What is strip (GCC application) used for?

From the (Mac OS X, but others are similar) man page:

strip removes or modifies the symbol table attached to the output of
the assembler and link editor. This is useful to save space after a
program has been debugged and to limit dynamically bound symbols.

Note the bit about "after a program has been debugged" because debugging a stripped executable is very hard, indeed. The "limit dynamically bound symbols" is a rarer use: it lets you make some of the functions in an external library inaccessible by taking away the index entries that tell where the actual code is located. This is also explained in the man page.

As cheap and plentiful as disk is in most situation you simply wouldn't bother with this anymore. But you might want it for space constrained situation like embeded devices, rescue disks, etc.

What is the difference between gcc -s and a strip command?

gcc being a compiler/linker, its -s option is something done while linking. It's also not configurable - it has a set of information which it removes, no more no less.

strip is something which can be run on an object file which is already compiled. It also has a variety of command-line options which you can use to configure which information will be removed. For example, -g strips only the debug information which gcc -g adds.

Note that strip is not a bash command, though you may be running it from a bash shell. It is a command totally separate from bash, part of the GNU binary utilities suite.

gcc -g vs not -g and strip vs not strip, performance and memory usage?

The ELF loader loads segments, not sections; the mapping from sections to segments is determined by the linker script used for building the executable.

The default linker script does not map debug sections to any segment, so this is omitted.

Symbol information comes in two flavours: static symbols are processed out-of-band and never stored as section data; dynamic symbol tables are generated by the linker and added to a special segment that is loaded along with the executable, as it needs to be accessible to the dynamic linker. The strip command only removes the static symbols, which are never referenced in a segment anyway.

So, you can use full debug information through the entire process, and this will not affect the size of the executable image in RAM, as it is not loaded. This also means that the information is not included in core dumps, so this does not give you any benefit here either.

The objcopy utility has a special option to copy only the debug information, so you can generate a second ELF file containing this information and use stripped binaries; when analyzing the core dump, you can then load both files into the debugger:

objcopy --only-keep-debug myprogram myprogram.debug
strip myprogram

gcc vs. clang: symbol stripping

You can use a strip utility from binutils.

Actually, a llvm-ld has this options http://llvm.org/cmds/llvm-ld.html

-strip-all, -s Strip all debug and symbol information from the executable
to make it smaller.

-strip-debug, -S Strip all debug information from the executable to
make it smaller.

opt have something too:

-strip-debug
This option causes opt to strip debug information from the module before applying other
optimizations. It is essentially the same as -strip but it ensures that stripping of debug
information is done first.

Strip Executable (Windows)

strip is part of GNU's binutils.

Is there any reason why not to strip symbols from executable?

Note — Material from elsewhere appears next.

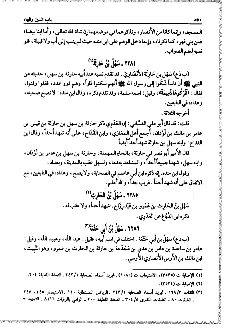 وقال الأمير أَبُو نصر في حارثة، بالحاء المهملة: وحارثة بْن سهل بْن عامر بْن لوذان، وابنه سهل، شهدا جميعًا أحدًا، والمشاهد، بعدها.

I can't imagine them affecting the execution speed in any noticeable way though, in theory, you could have a tiny amount of cache misses in the process image.

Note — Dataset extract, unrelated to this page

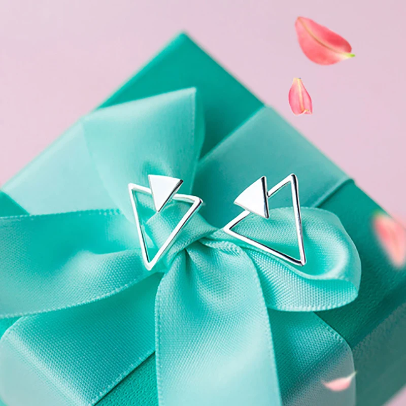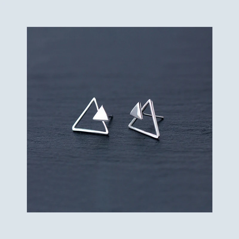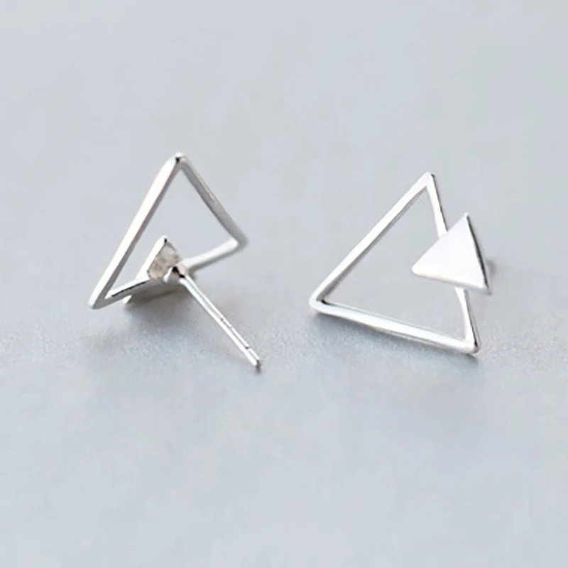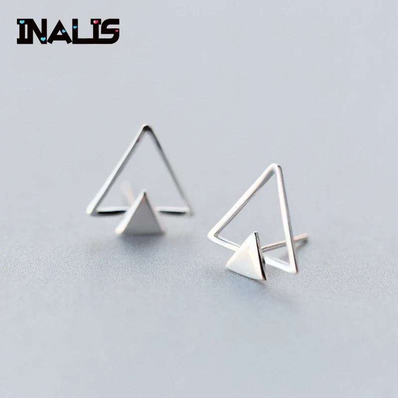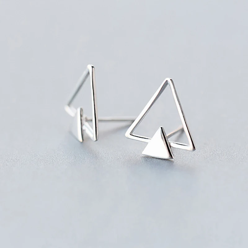 New Simple Design S925 Sterling Silver Double Triangle Geometric Stud Earrings for Women Fine Jewelry Brincos Bijoux

You want to keep symbols in the file when you're debugging it, so that you can see which function you're in, check the values of variables and so forth.

But symbols make the file bigger: potentially, a lot bigger. So, you do not want symbols in a binary that you put on a small embedded device. (I'm talking about a real embedded device, not some 21st century Raspberry Pi with 9,000GB of storage space!)

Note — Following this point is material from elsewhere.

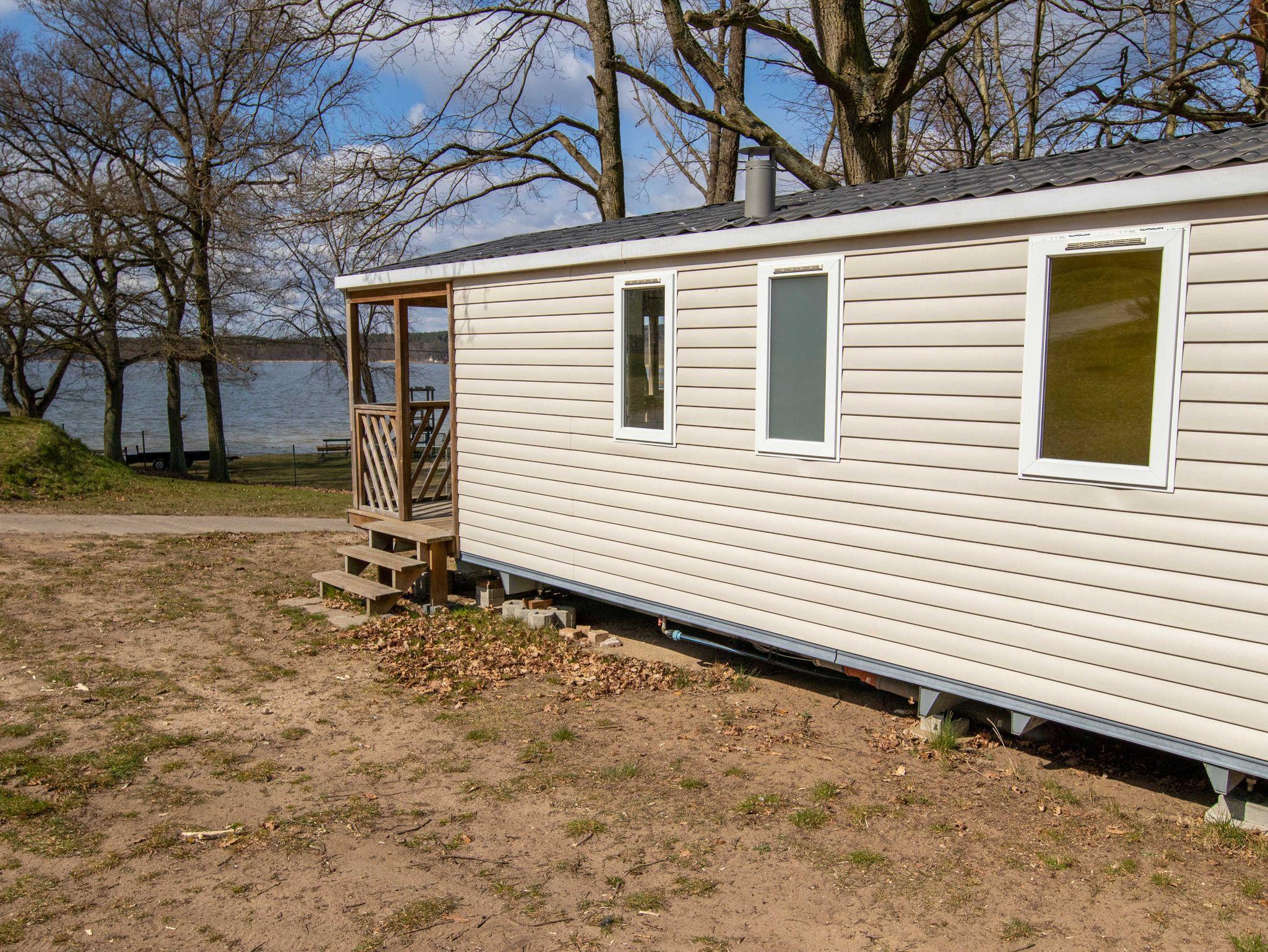 Die komfortabel eingerichteten mobilen Ferienhäuser befinden sich in dem Camping- und Ferienpark in Lychen direkt am Strandbad des Großen Lychensees. Von den Ferienhäusern haben Sie einen direkten Zugang zum Wasser. Die Mobilheime liegen im Hang, von dem Sie einen unverbauten Seeblick genießen können. Die Mobilheime sind mit zwei Schlafzimmern, eines mit französischem Doppelbett (140x200) und eines mit zwei Einzelbetten (80x190), einer komplett ausgestatteten Küche, Wohnraum mit TV/Radio und einer Aufbettungsmöglichkeit (Schlafcouch; 130x190) sowie einem Bad mit Dusche und separater Toilette ausgestattet. Sie können den Sonnenuntergang von der integrierten Terrasse genießen.

I generally strip all release builds and don't strip any debug builds. This makes core dumps from customers slightly less useful, but you can always keep a copy of the unstripped release build and debug your core against that.

I did hear about one firm that had a policy of never stripping symbols even in release builds, so they could load a core directly into the debugger. This seems like a bit of an abstraction leak to me but, whatever. Their call.

Of course, if you really want, you can analyse the assembly yourself without them. But that's crazy...

gcc -O2 is smaller then gcc -O2 -g followed by strip --strip-all

The difference is from the debug code.

For an 1.7 MB executable you are probably using a library or two. Usually they have something like:

#ifdef _DEBUG
// some debug code
#endif

Also common practice for big projects, so some of it may be your code as well.

strip removes only the symbols. The debug code stays.

Best way to strip off symbols

With Visual C++ (and other Microsoft compilers) on Windows, symbols aren't part of the binaries. Instead, they are stored in separate files called "Program Database" files (.pdb files). Just don't provide the .pdb files.

With the GNU toolchain you would use strip to remove symbols from the binaries.